Conventionally, the power steering system is known, and according to the power steering system disclosed in Japanese patent publication No. 50-33584, the steering effort or torque applied to a steering wheel is assisted by an output torque from an electric motor. The gain of the system for the signal obtained by detecting the steering torque applied to the steering wheel by the vehicle operator is varied according to the vehicle speed and the road condition, and the output torque of the assisting electric motor is accordingly changed so that the optimum actuating torque which actually steers the front wheels may be obtained at all times.
When the vehicle is abruptly subjected to a strong crosswind while travelling a straight course, the vehicle may deviate from the intended straight path of travel. In such a case, it is necessary to apply a counteracting force to the steerable wheels so as to oppose such interferences. However, according to such a conventional power steering system, when the vehicle has started deviating from the intended path as a result of crosswind, because the electric motor can produce an actuating torque only when the vehicle operator applies a steering torque to the steering wheel, the electric motor cannot produce any actuating torque unless the vehicle operator intentionally takes a corrective action.
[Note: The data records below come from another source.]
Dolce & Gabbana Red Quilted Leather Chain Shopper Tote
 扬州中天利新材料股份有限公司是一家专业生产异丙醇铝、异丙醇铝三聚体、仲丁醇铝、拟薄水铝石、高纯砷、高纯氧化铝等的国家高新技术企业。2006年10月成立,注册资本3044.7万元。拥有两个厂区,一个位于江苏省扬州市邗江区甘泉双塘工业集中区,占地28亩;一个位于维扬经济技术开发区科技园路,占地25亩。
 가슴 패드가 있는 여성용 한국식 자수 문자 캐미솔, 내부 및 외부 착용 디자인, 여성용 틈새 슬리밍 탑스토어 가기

To control the deviation of the vehicle from the intended straight path, the vehicle operator must apply a corrective steering torque to the steering wheel. However, according to the conventional power steering system, the required steering torque increases as the lateral acceleration and the yaw rate of the vehicle increase, and, accordingly, the steering torque required for counteracting the deviation of the vehicle due to external interferences increases as the lateral acceleration and the yaw rate of the vehicle increase.
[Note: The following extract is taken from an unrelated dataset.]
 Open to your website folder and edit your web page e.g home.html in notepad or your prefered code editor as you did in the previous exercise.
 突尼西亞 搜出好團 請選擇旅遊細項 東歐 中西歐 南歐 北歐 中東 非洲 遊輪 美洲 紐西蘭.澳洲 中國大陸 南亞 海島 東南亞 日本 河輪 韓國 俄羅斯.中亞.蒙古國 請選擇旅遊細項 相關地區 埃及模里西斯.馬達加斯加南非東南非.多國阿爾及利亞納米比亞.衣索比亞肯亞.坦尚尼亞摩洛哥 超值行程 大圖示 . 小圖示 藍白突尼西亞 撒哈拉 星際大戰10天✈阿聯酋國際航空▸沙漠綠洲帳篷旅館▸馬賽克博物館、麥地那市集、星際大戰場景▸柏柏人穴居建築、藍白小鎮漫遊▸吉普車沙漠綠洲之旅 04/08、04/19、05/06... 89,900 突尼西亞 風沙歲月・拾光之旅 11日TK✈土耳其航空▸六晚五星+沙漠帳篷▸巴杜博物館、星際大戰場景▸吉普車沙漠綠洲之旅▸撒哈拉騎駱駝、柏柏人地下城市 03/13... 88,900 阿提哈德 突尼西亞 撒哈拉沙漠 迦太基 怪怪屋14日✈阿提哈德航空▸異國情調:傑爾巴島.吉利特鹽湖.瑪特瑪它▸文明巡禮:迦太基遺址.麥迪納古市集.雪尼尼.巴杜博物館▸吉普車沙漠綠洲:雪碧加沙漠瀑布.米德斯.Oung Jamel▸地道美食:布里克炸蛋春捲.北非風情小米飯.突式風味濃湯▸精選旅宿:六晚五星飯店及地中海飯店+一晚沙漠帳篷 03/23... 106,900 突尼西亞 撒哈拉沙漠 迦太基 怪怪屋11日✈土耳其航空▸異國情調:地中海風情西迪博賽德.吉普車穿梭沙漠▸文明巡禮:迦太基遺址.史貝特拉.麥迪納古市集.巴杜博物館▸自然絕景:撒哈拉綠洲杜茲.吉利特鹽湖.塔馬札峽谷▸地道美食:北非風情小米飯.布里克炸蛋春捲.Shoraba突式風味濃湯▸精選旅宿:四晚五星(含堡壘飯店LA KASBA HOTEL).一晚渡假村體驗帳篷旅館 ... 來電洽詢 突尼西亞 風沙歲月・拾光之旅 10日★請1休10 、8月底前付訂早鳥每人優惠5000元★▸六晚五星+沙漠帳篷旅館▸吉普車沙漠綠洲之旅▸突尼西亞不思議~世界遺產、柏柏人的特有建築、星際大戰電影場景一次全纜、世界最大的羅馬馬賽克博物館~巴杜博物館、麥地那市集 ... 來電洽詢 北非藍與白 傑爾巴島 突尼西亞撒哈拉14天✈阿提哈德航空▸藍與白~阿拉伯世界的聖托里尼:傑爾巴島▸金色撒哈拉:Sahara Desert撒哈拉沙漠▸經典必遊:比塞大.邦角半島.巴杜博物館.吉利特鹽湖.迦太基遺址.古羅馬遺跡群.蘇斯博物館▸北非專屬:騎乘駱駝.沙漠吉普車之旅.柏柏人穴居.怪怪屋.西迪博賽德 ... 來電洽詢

Furthermore, the conventional power steering system requires a very small steering torque for its operation, but the vehicle operator receives very little feedback from the steering wheel with regard to the behavior of the vehicle. Therefore, the vehicle operator must depend on his vision and bodily sense of acceleration in assessing the condition of the vehicle when it is subjected to external interferences. As a result, the counter-action by the vehicle operator tends to be delayed, and, therefore, tends to be excessive.
To overcome such problems, it is conceivable to detect the irregular behavior of the vehicle due to external interferences from the yaw rate of the vehicle, and produce a force counteracting the irregular behavior of the vehicle by using an assisting motor so that the irregular behavior of the vehicle may be controlled.
However, according to such a control system based on the use of an electric motor, because the system cannot determine whether the detected yaw rate is due to an intentional steering maneuver or due to external interferences, the electric motor always produces a steering torque which tends to control the yaw rate or which tends to restore the vehicle back to the straight ahead path of travel irrespective of the cause of the yawing movement. As a result, the steering reaction which the electric motor produces may become excessive when the vehicle is making a normal turn. If the control parameters are modified so that the steering reaction may be appropriate at the time of normal steering maneuver, the vehicle may not be sufficiently protected from external interferences.